When you lean into your impostorism, you can avoid situations like this. Being comfortable with a bit of uncertainty is a good thing: It keeps you sharp, observant, open-minded, and adaptable. It also keeps you from looking silly when, an hour later, you walk into your boss’s office and admit you have no idea what to do with that spreadsheet. The Socratic paradox — “The only thing that I know for sure is that I know nothing for sure” — might be a platitude, but it rings true here. If you’re uncertain, you’re probably also open to learning new things. If I could go back in time, I’d tell my younger self to be secure enough to admit my insecurity.
4. It encourages you to focus on the work.
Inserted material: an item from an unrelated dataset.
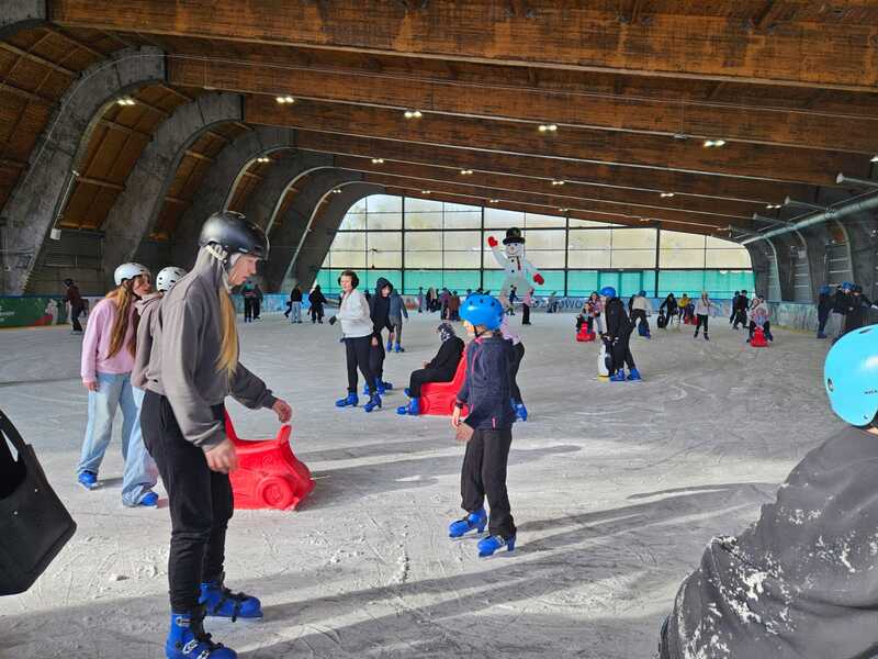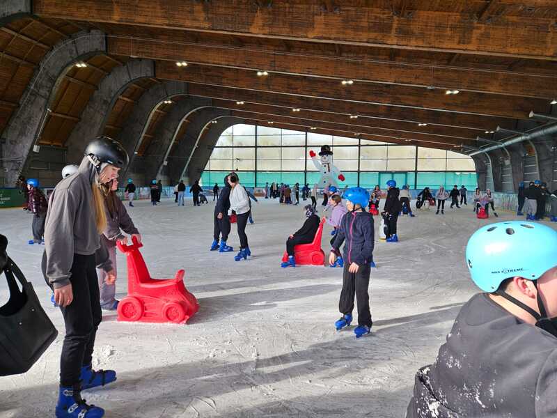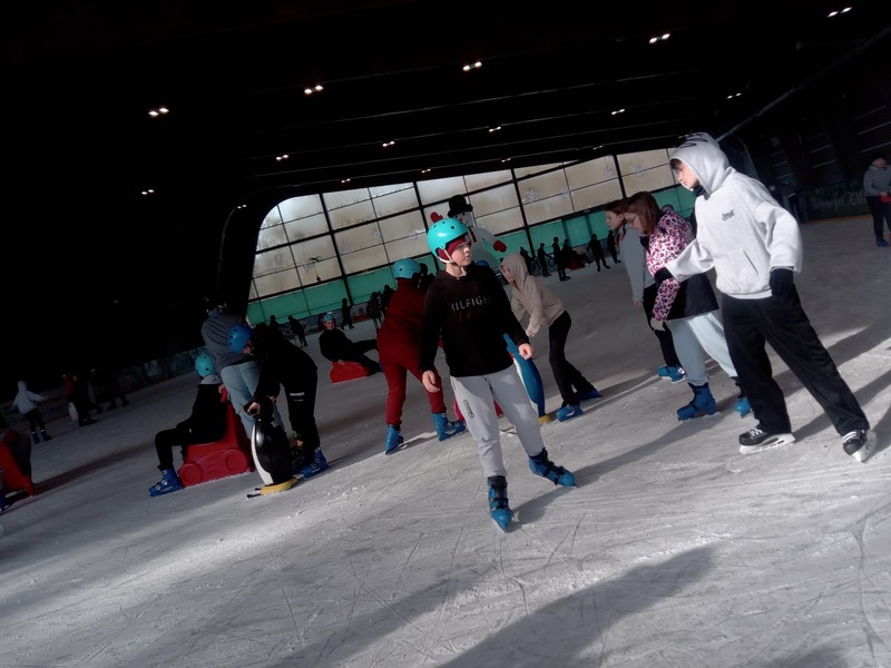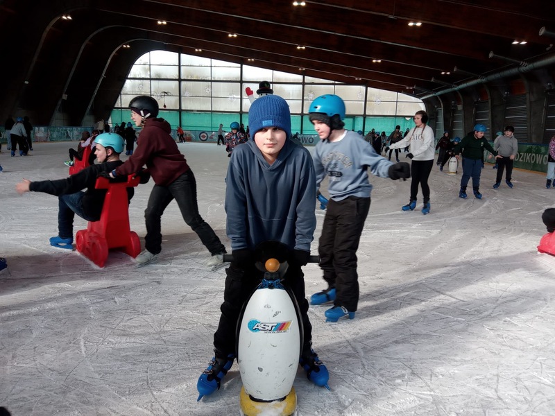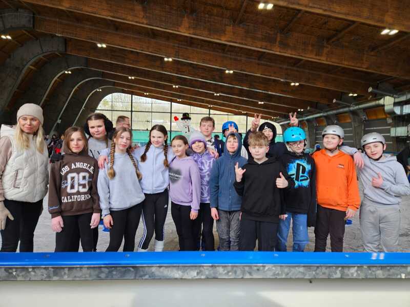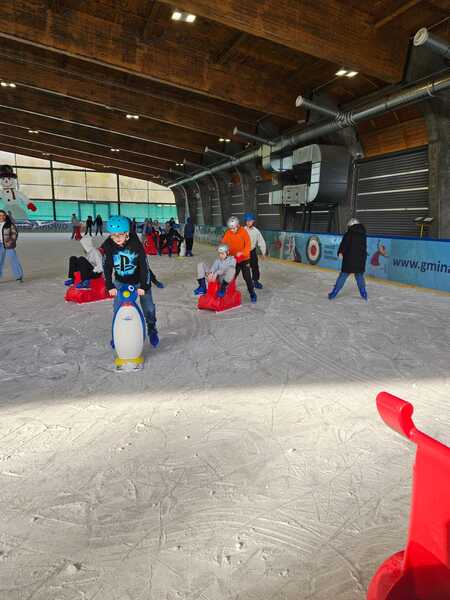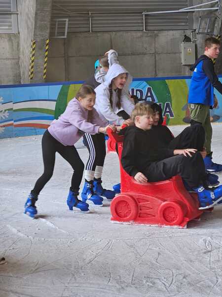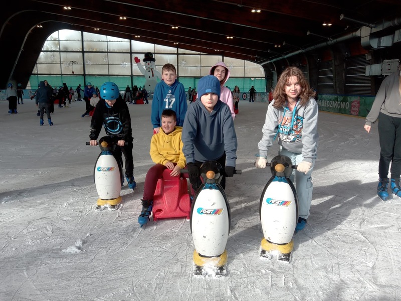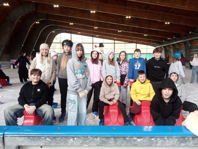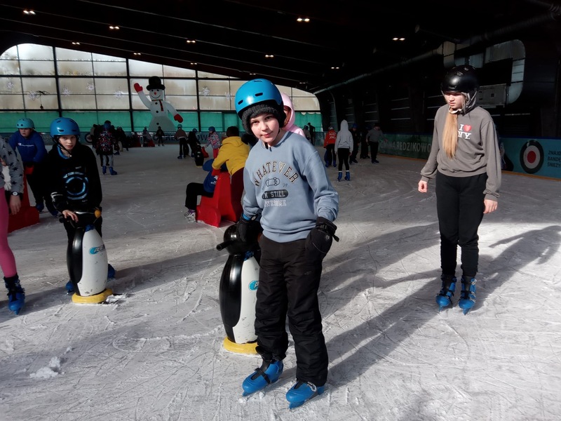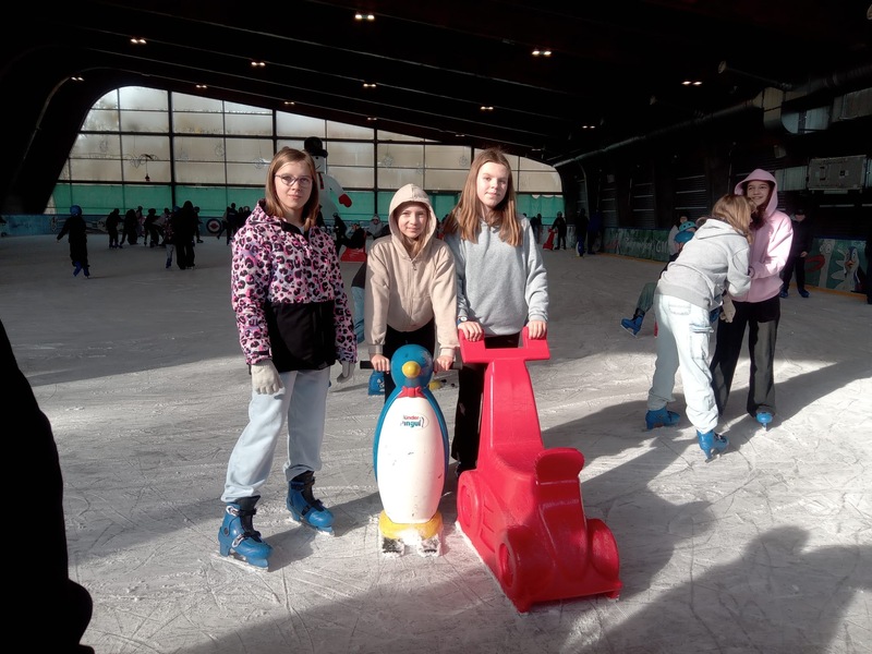 W piątek, 27.02.2026 r. uczniowie klasy V d i V e pod opieką Pani Dyrektor - Joanny Koguciuk, wychowawczyni klasy V d - Pani Haliny Bajor oraz wychowawczyni klasy V e – Pani Marzeny Kolanek udali się na wycieczkę na lodowisko do Redzikowa pod Słupskiem, by doskonalić swoje umiejętności łyżwiarskie i aktywnie spędzić czas.

Impostor syndrome has everything to do with identity and how we view ourselves. “Many of us, the most accomplished and driven, are led to believe that who we are is what we have done,” Ramsden says. “If we believe we are our accomplishments, then, when we accomplish something that does not fit within our expectations of who we are, you have a crack where impostor syndrome seeps in.”
Let’s say you get a big promotion and a new, glamorous title. It’s easy to become anxious about living up to everything the title implies, but titles and our associations with them can be more intimidating than the actual work they require. If you get to a point in your career where you’re promoted to a position of power, you’re probably already used to many of the tasks involved with that role. Sure, you’ll learn new things, but you don’t have to live up to a new identity, which is a completely overwhelming thing to do. You just have to do the work.
“When we finally find that what we have done is secondary to who we are, we begin to break free of impostor syndrome,” Ramsden says. It’s important, in other words, to separate your work from your identity. This separation is good for your own mental health, and without being so attached to your job, you can look at it objectively and without bias, which makes it easier to do really excellent work. And then, with enough time, you can look at what you’ve accomplished — and what you’re continually accomplishing — and use that to feel a little more secure that you’ve earned the role you’re in.